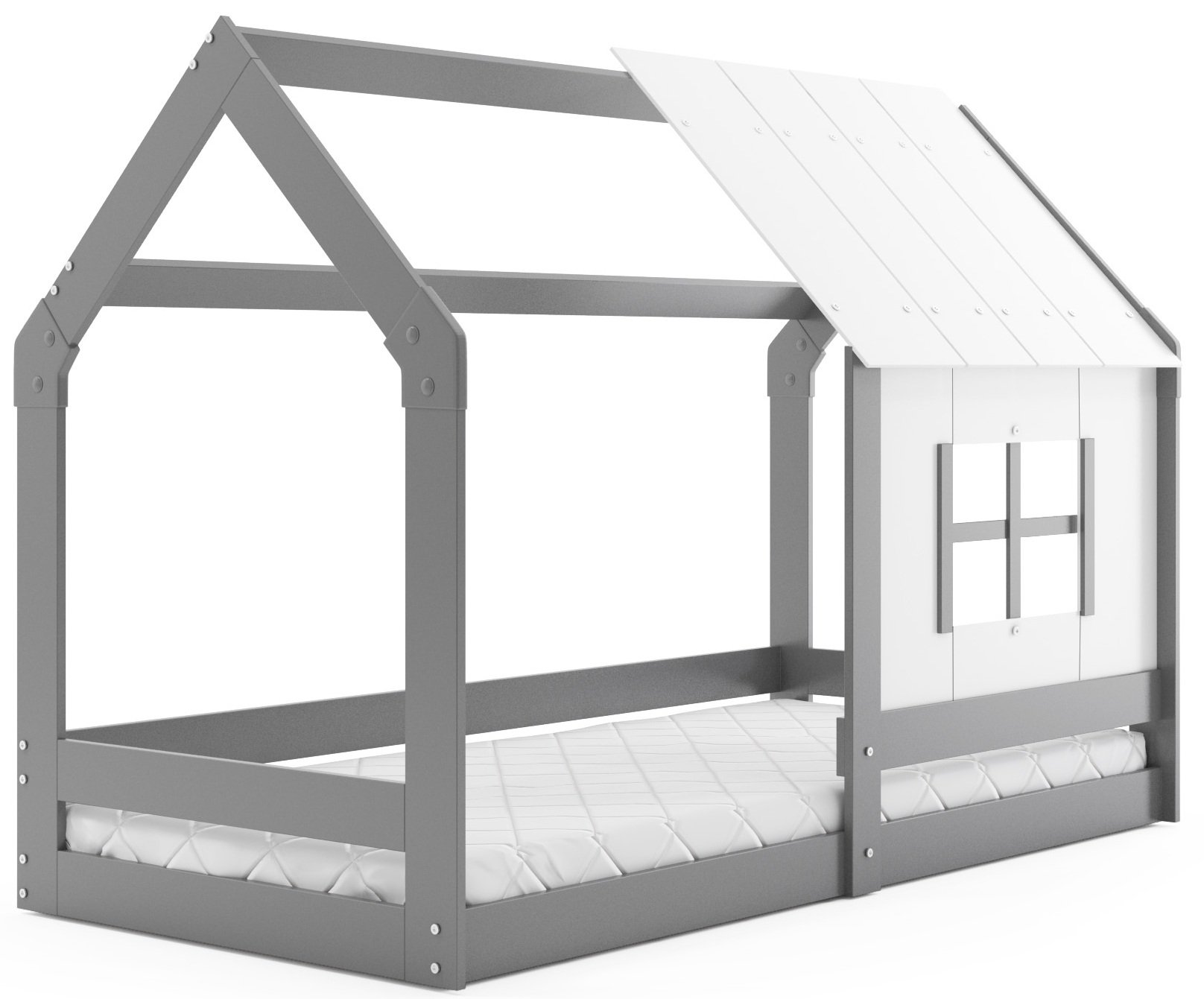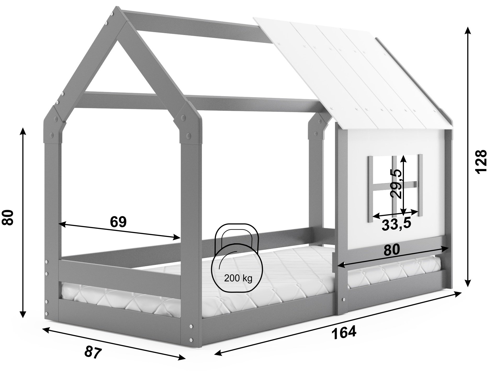 Krevet je izrađen od izdržljivog drva, koje osigurava stabilnost i dug vijek trajanja. Grafitno/bijela boja daje prostoru svježinu i odlično se uklapa s različitim stilovima unutarnjeg uređenja – od klasičnog do modernog. S dimenzijama 87x164x128 cm prikladan je za djecu svih uzrasta, jer omogućuje udoban san i istovremeno ne zauzima previše prostora u sobi. Zahvaljujući krovu u obliku kućice, krevet se pretvara u ugodan kutak gdje dijete razvija maštu, stvara svoje priče i osjeća se sigurno.
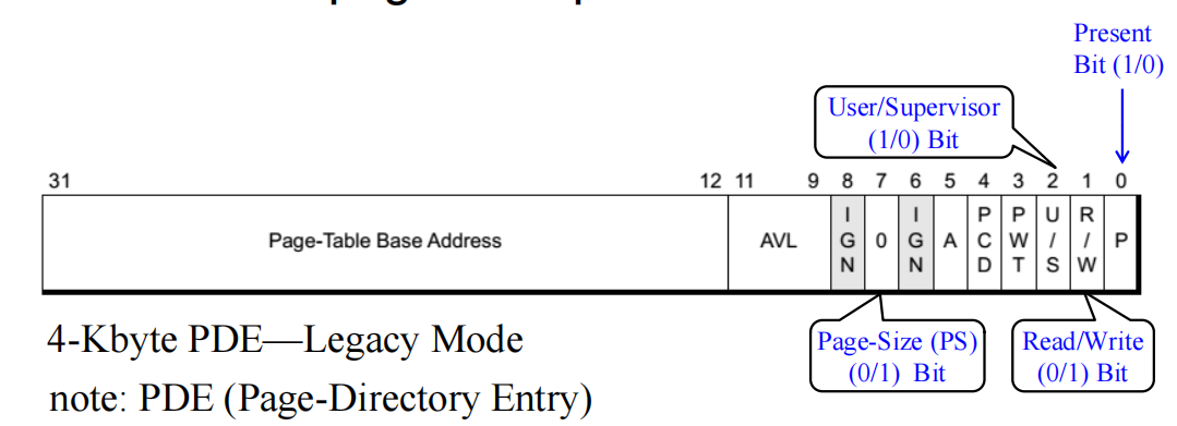 - 当 CR4.PSE = 1 且 PDE.PS = 1 时,该 PDE 直接映射 4MB 大小的页。
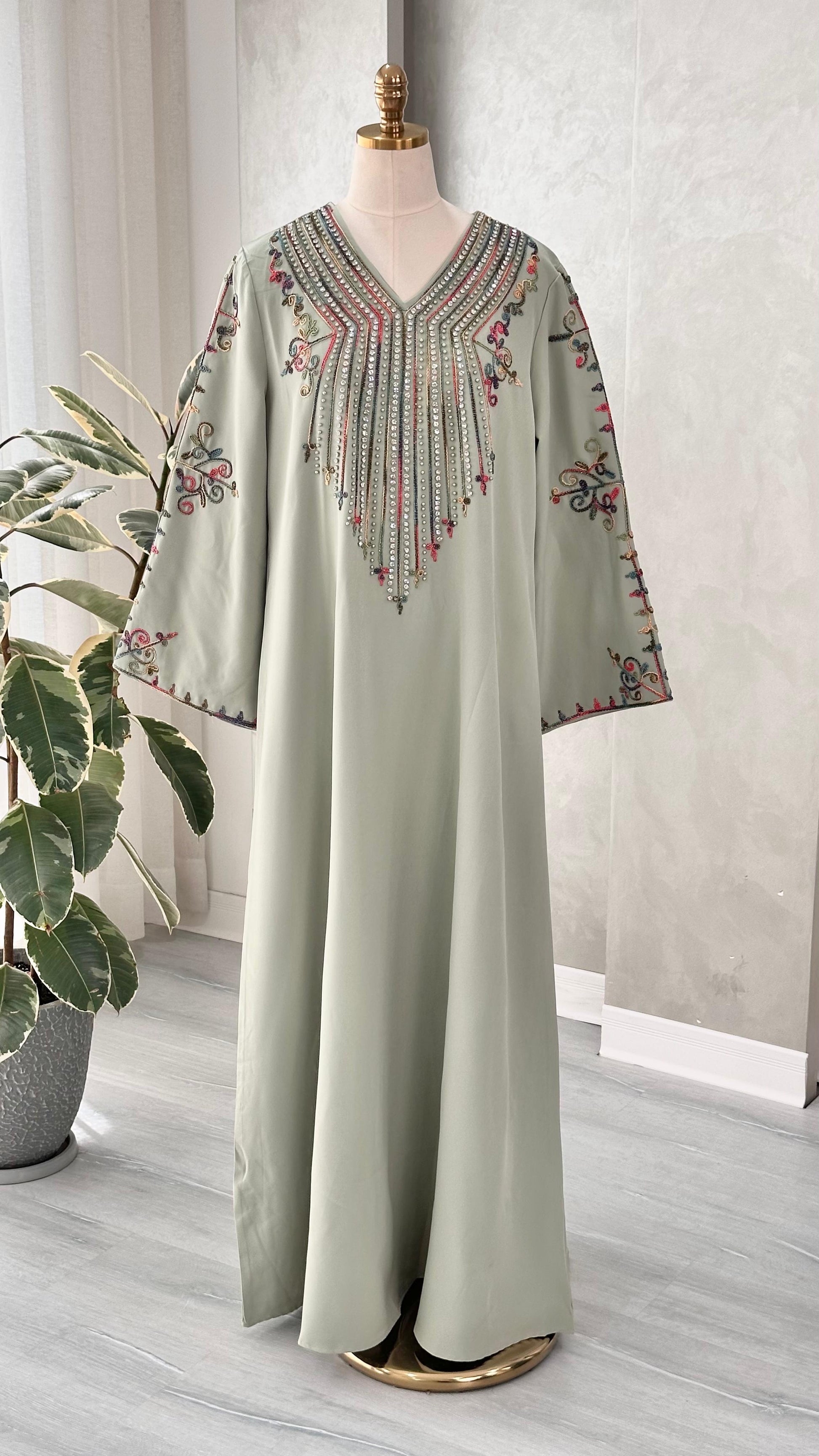 الفستان طويل بتصميم تقليدي، يمتد حتى الأرض، ويتميز بقماش ناعم وانسيابي يمنحه مظهرًا مريحًا وأنيقًا. فتحة الرقبة على شكل حرف V، مزينة بتطريزات دقيقة تمتد بشكل متماثل نحو الكتفين، وتُضفي طابعًا فنيًا متقنًا على الجزء العلوي من الفستان.
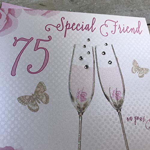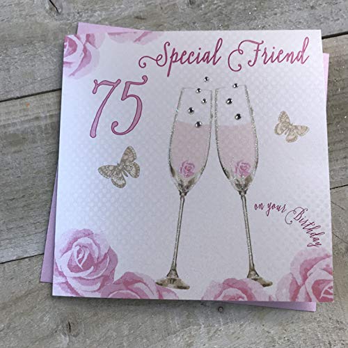Details: WHITE COTTON CARDS SS42-SF75 Geburtstagskarte zum 75. Geburtstag, Sektgläser, rosa Rosen
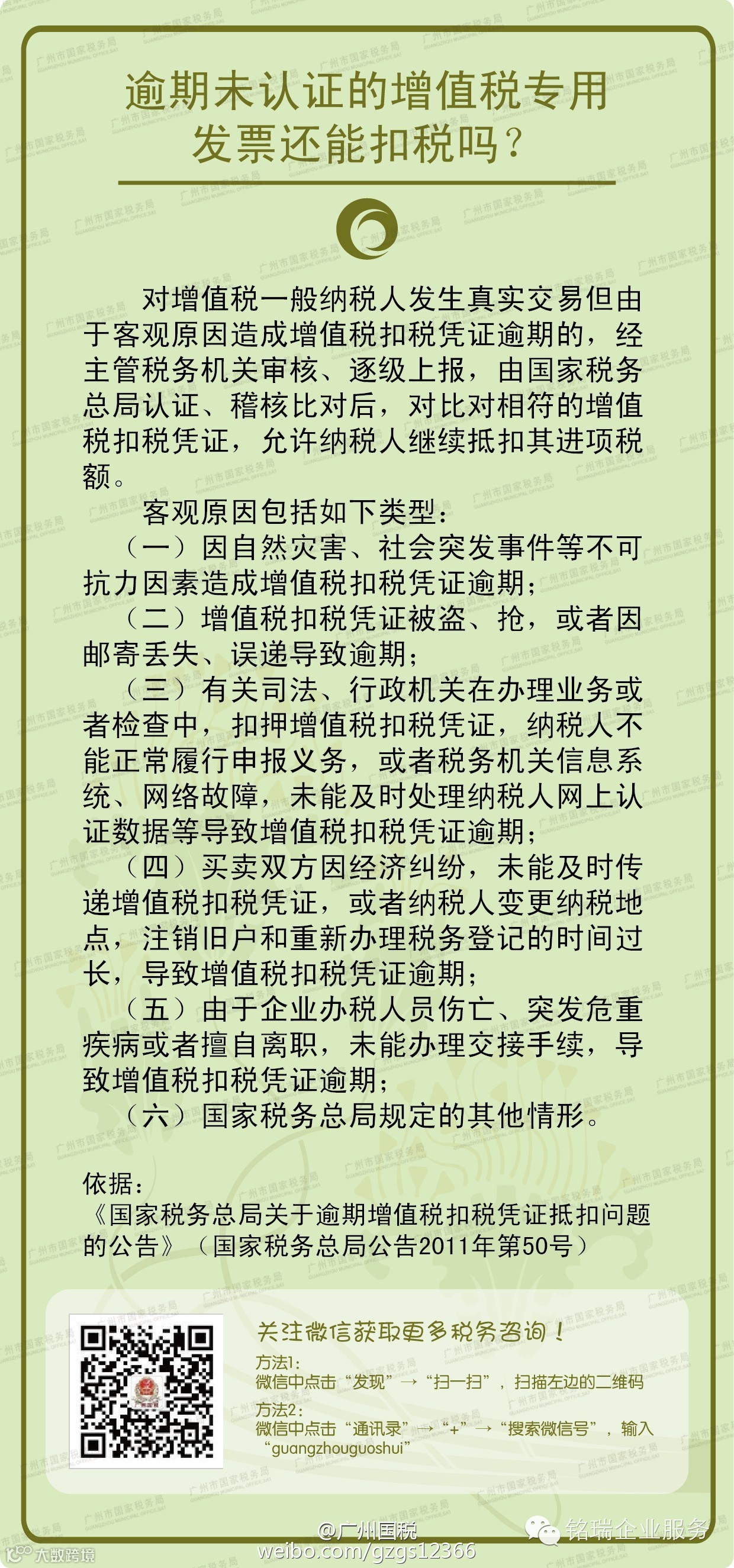 广州诚丰信企业服务有限公司未在规定期限内到税务机关办理认证、申报抵扣或者申请稽核比对的增值税扣税凭证,不得作为合法的增值税扣税凭证,不得计算进项税额抵扣。特殊情况,请见下图↓
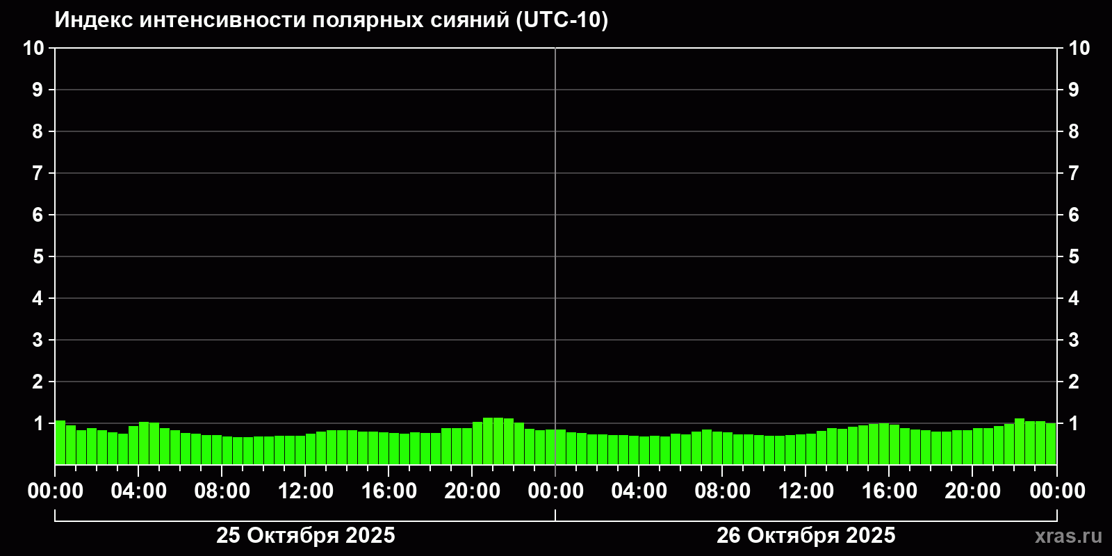 Изменения индекса интенсивности полярных сияний с 2025-10-25 по 2025-10-26 по местному времени
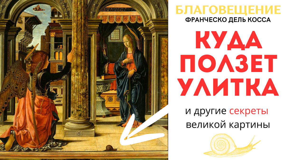 Начнем сразу с улитки. Она символизирует Христа. Как это? “Благовещение” Франческо Дель Коссы это - конец раннего Ренессанса и здесь мы видим какое-то уникально пограничное состояние между иконой и картиной, а также между Средневековьем и Ренессансом. Даже у самого Франческо всё остальное уже другое, уже совсем живопись, совсем уже Возрождение.
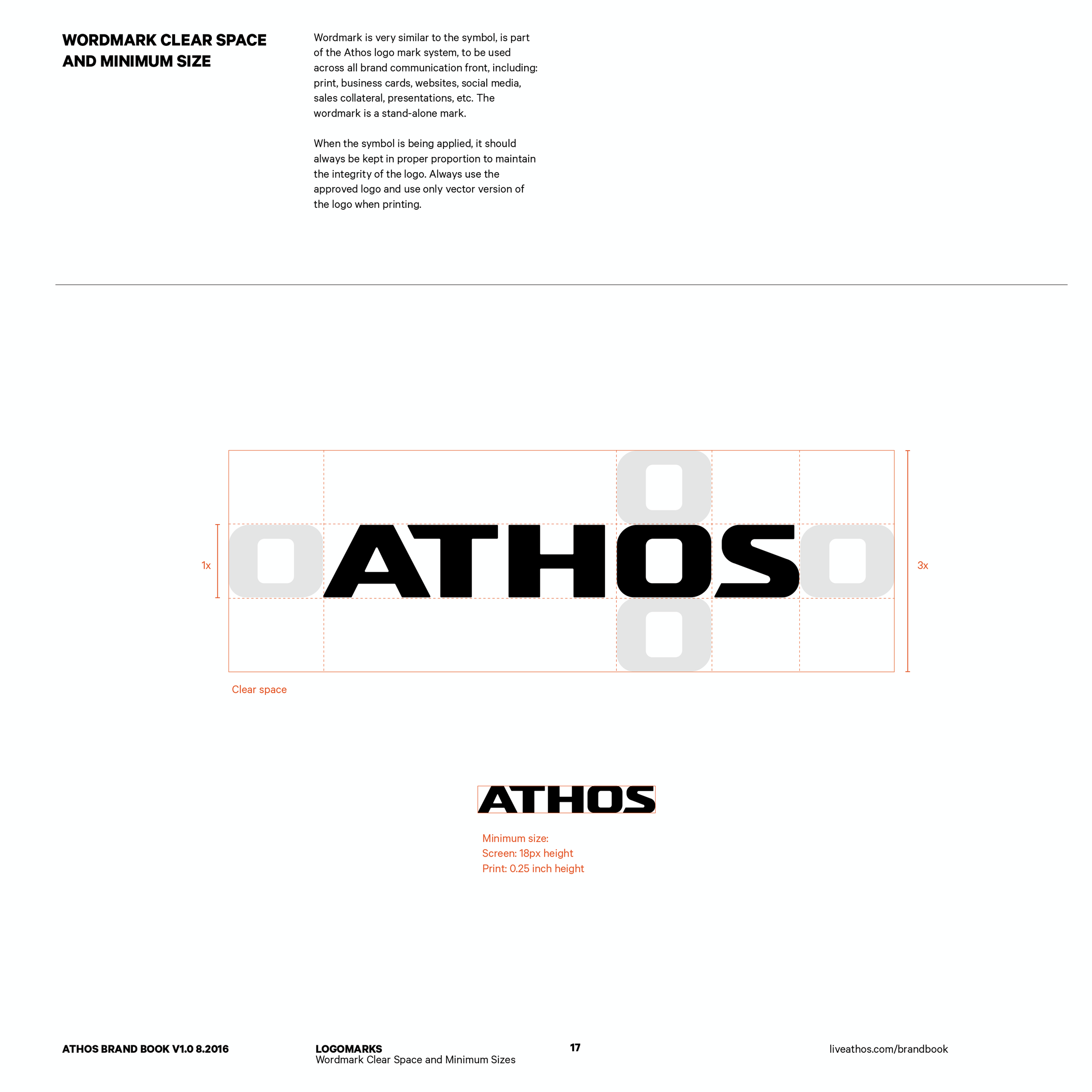 The Athos brand identity sought to be bold, vibrant, energetic, aggressive and polished. Its target audience was elite athletes, DoD soldiers, and fitness enthusiast. Brands like Gatorade and Nike were used as inspiration to develop the Athos brand identity.

********

* [AIM OF THE TASK] Above are the records. Copy word for word only their lines from the one holding "Details: WHITE COTTON" through the one holding "Изменения индекса интенсивности", both included, and skip the images.

* [RESPONSE FOR THIS EXERCISE]
Details: WHITE COTTON CARDS SS42-SF75 Geburtstagskarte zum 75. Geburtstag, Sektgläser, rosa Rosen
 广州诚丰信企业服务有限公司未在规定期限内到税务机关办理认证、申报抵扣或者申请稽核比对的增值税扣税凭证,不得作为合法的增值税扣税凭证,不得计算进项税额抵扣。特殊情况,请见下图↓
 Изменения индекса интенсивности полярных сияний с 2025-10-25 по 2025-10-26 по местному времени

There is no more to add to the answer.